Wednesday, December 1, 2010

Falling Treasuries amid speculation the ECB will end the crisis



Treasury bonds fell as speculation the European Central Bank may take additional measures to prevent the crisis in the euro region extends debt decreased the attractiveness of U.S. securities as a refuge.

The 10-year bond fell for the first time in four days before reports that economists said will show U.S. manufacturing extended for a month 16 companies added the most jobs since the recession began in December 2007. The descents down the yield on the 10 years older after reaching its lowest level in a week yesterday. The Federal Reserve is set to buy $ 7,000,000,000 and $ 9 billion of bonds maturing in June 2016-November 2017 today as part of its plan for growth.
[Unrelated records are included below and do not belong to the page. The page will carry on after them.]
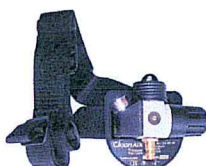
Clean-AIR Pressure Flow Control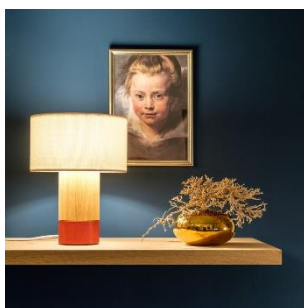
Klippa (ab € 413,-)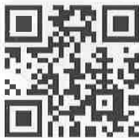
【確定申告書等作成コーナー】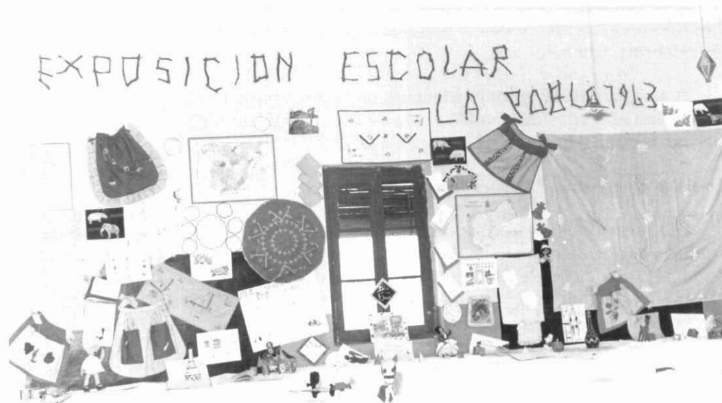
Exposició de treballs escolars dels alumnes de La Pobla (12.5.1963).

"Treasuries are losing some of its appeal as a safe haven," said Marc Ostwald, fixed income strategist at Monument Securities Ltd. in London. "Yields yesterday reached levels that are downright unattractive. Labor data this week could decide if this correction in Treasuries continues."
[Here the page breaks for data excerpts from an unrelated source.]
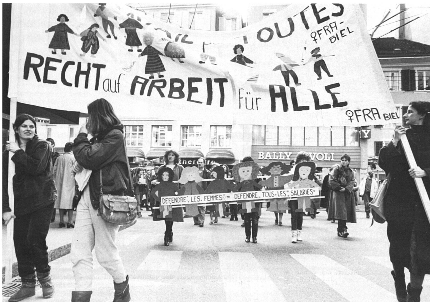
Droit au travail pour toutes... mais quel travail ?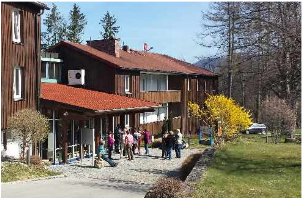
Umweltseminar „Alpen im Stress“ in der Georg-von-Vollmar-Akademie (Kochel) im März 2014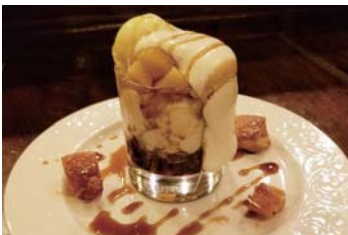
オズ風和風パルフェ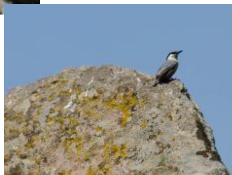
Billede 6: Klippespætmejse

Bussen hentede os kl. otte, og første stop var ved Kavaki, der igen gav pote med Blådressel som ny turart. Videre mod den lille by Stipsi, hvor bussen satte os af i den forkerte ende af byen, hvilket lige gav en ekstra km. til vores fem km's gåtur. Turen var varm, og der var nogle gode stigninger på den stenede "vej" men det var alle anstrengelserne værd. Fantastisk natur og gode nye arter, som Hvidskægget sanger, Sørgemejse, Klippespæt-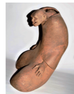
▲寸景の記録 作品名：久しぶり

さんさんギャラリーオアシスは、令和5年2月末に閉鎖します。閉鎖後の作品展示は市立公民館のロビー、市役所みつきいホールなどで行われます。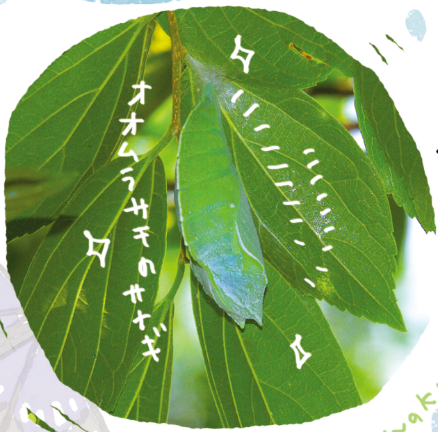
オオムラサキのサナギ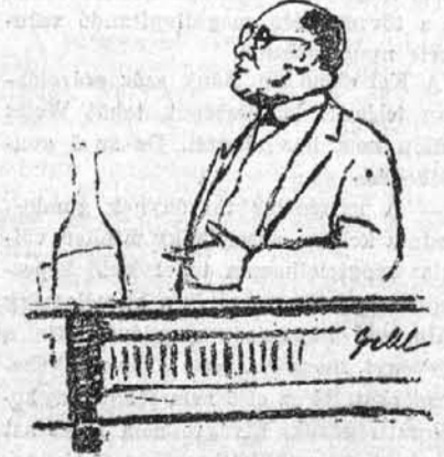
Pajor elvtárs beszél

The yield on benchmark 10-year note rose six basis points to 2.87 percent at 6:57 am in New York, according to Cantor BC market. The yield fell to 2.75 percent yesterday, the lowest level since 23 November. The guarantee of 2,625 percent, due November 2020 fell 16/32, or $ 5 per $ 1,000 face amount, to 97 30/32.
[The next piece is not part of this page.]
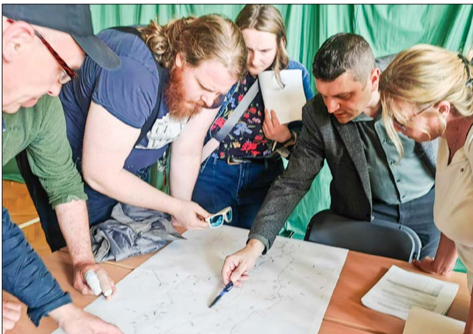
Podczas konsultacji z mieszkańcami w Pustkowie-Osiedlu.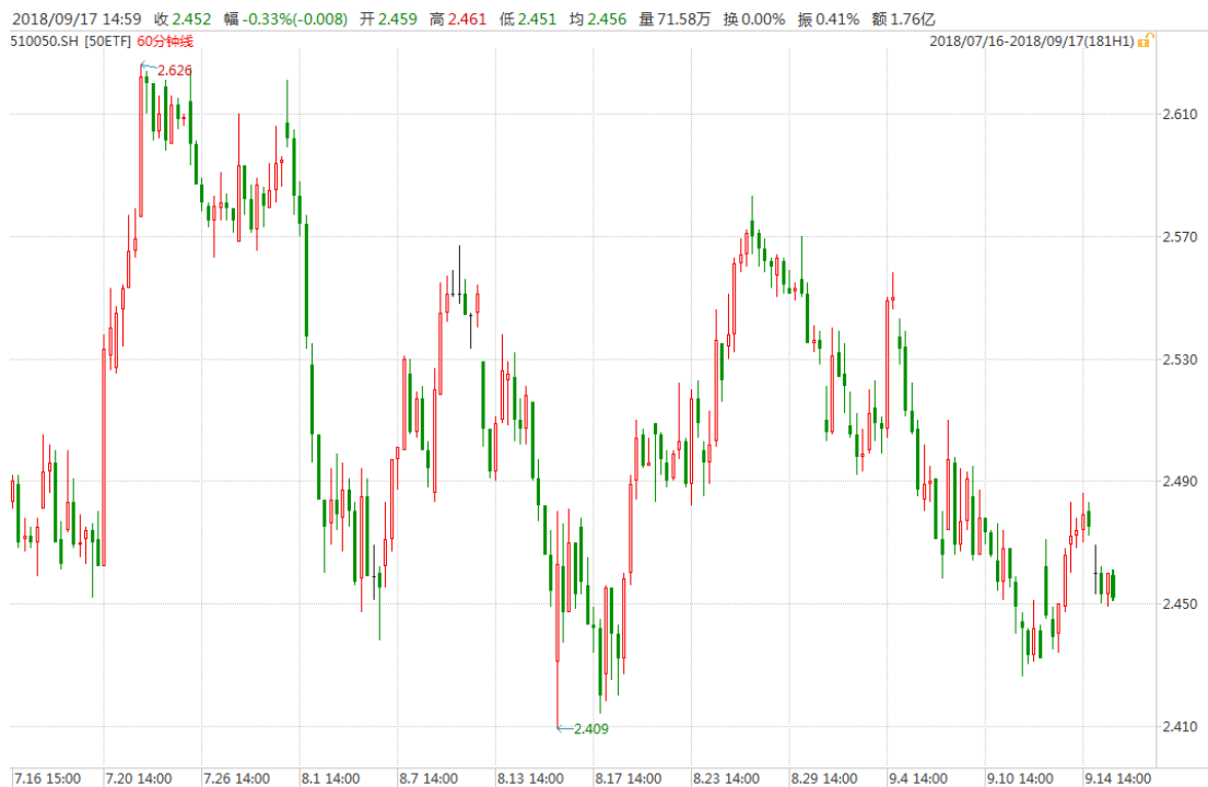
图表 1：上证 50ETF60 分钟 K 线图

从下面的 60 分钟图来看，50ETF 仍处于近期震荡区间波动，留意下档支撑位。

The yield on the 30-year bond rose five basis points to 4.16 percent. Fell to 4.05 percent yesterday, the lowest level since Nov. 5.

ten-year rates rise to 3.23 percent in late 2011, according to a survey of banks and securities firms with the most recent forecasts given the highest weights. Investors who bought today are lost around 0.2 percent after accounting for interest payments.

Manufacturing expands

The index of the Institute for Supply Management's factory will be 56.5 in November from 56.9 in October, based on the median estimate of economists surveyed by us. Figures above 50 signal growth.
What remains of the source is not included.